Since Saturday, organizers with student activist group #CareNotCops have been occupying the block outside University of Chicago Provost Ka Yee Lee's home, with the stated goal of pressuring Lee into agreeing to a public, recorded meeting to hear their demands: that the University disband UCPD and create campus cultural centers and an ethnic studies department. The action is the second occupation by #CareNotCops this summer following the occupation of University of Chicago Police Department (UCPD) headquarters in June.
As Provost, Lee’s office oversees the University’s budget planning, and thus the budget for UCPD. While the Provost offered to meet privately after #CareNotCops occupied UCPD headquarters overnight in June, organizers say that, because prior closed-door meetings with the administration did not result in concrete action, a public meeting is the only way to ensure transparency and accountability.
Confrontations between police officers from UCPD and the Chicago Police Department (CPD) and protesters have been sporadic since Saturday, though none have escalated as of Tuesday afternoon. Protesters say they have made plans in the event that police begin making arrests for trespassing, street debris, or erecting tents on the sidewalk.
According to the ACLU of Illinois, the state of Illinois prohibits protests targeting individual residences, writing that “the First Amendment has been interpreted to not protect sidewalk protests targeted at particular Homes. An Illinois statute prohibits such targeted residential picketing.” In Illinois, it is unlawful for demonstrations to purposefully block streets.
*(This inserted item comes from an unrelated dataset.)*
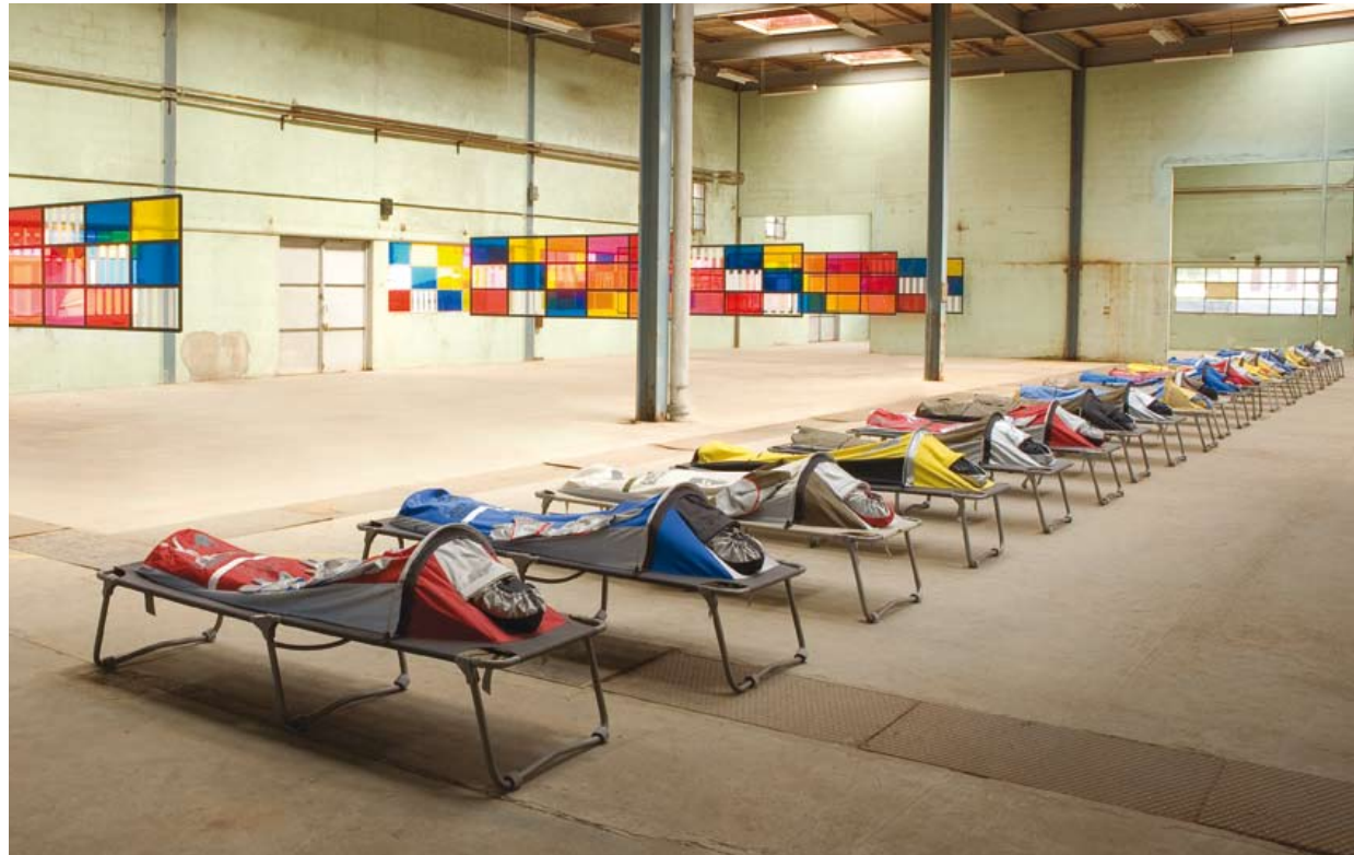
Caption Title info and Date TK

Recently, laws against residential protests have been invoked to block demonstrators seeking the abolition of CPD from Mayor Lori Lightfoot’s block in Logan Square.
As the protest began on Saturday, two UChicago Deans-on-Call arrived to speak to both protestors and UCPD. At the time, organizers said their demand was for a statement iterating a commitment to abolish the University of Chicago Police Department, released that day, and then a public meeting 24 hours after that.
At least seven CPD officers issued an order to disperse around 2:00 PM on Sunday, commanding organizers to move bedding and belongings out of the street and removing barriers and signs that had been hung on the fence of the Provost’s home. A CPD paddywagon lingered on the block that afternoon for several hours.
Around 3:00 PM on Monday, UCPD and CPD officers returned and issued two more orders to disperse, requiring organizers to take down the tents that had been set up to cover food and provide spaces to sleep in and move supplies off the sidewalk. Police said they were permitted to begin arrests after three dispersal orders.
At approximately 8:00 PM on Monday, during a rally in which protesters simulated a public town hall with an empty chair standing in for the Provost and chanted toward the house “good night, good evening, we’re not fucking leaving.” When several CPD cars approached the protesters, organizers formed a barricade out of bicycles and locked arms, directing chants towards the police while the demonstrators’ police liaison attempted to negotiate. Forty minutes later, organizers agreed to move out of the street and stand on the sidewalk in front of Lee’s house in exchange for CPD leaving.
Several pieces of graffiti rendered in Chinese characters on the pavement near Provost Lee’s home, alleged spray-painted by demonstrators, raised accusations of anti-Asian racism from commenters on social media. Some argued that they contributed towards a perception of Asian immigrants to the United States as ‘eternal outsiders’ who are inescapably defined by their place of origin. Lee, who is from Hong Kong, graduated from Brown University with a degree in Electrical Engineering in 1986 and has been a faculty member at UChicago since 1998. In a statement released on Monday, Lee decried the spray-painting of “messages, in both English and Chinese,” outside her home, calling them “offensive.”
Translated into English, one set of characters means “you do not have face,” or more colloquially, “don’t you care about your reputation?” Another, not pictured, contained a Cantonese vulgarity that, in English, means “fuck your mother.”
In a statement released to the University community on Tuesday, Provost Lee condemned the demonstrators’ tactics, writing that “the actions that are currently taking place on my doorstep go beyond any civil bounds.” She also wrote that “vandalism and personal attacks against an individual” are inconsistent with “civil discourse about societal issues”.
Provost Lee flatly rejected the idea of abolishing the campus police department, writing that “I want to be clear that the University has no intention of disbanding the UCPD.”
#CareNotCops released a statement responding to Lee’s on Tuesday night in which organizers disputed several of Lee’s claims and reiterated their demands. “Sit-ins are some of the most storied means of social change in the United States, and whatever inconvenience we’re causing pales in comparison to the displacement, stress, and institutional violence that the University causes continuously,” organizers said.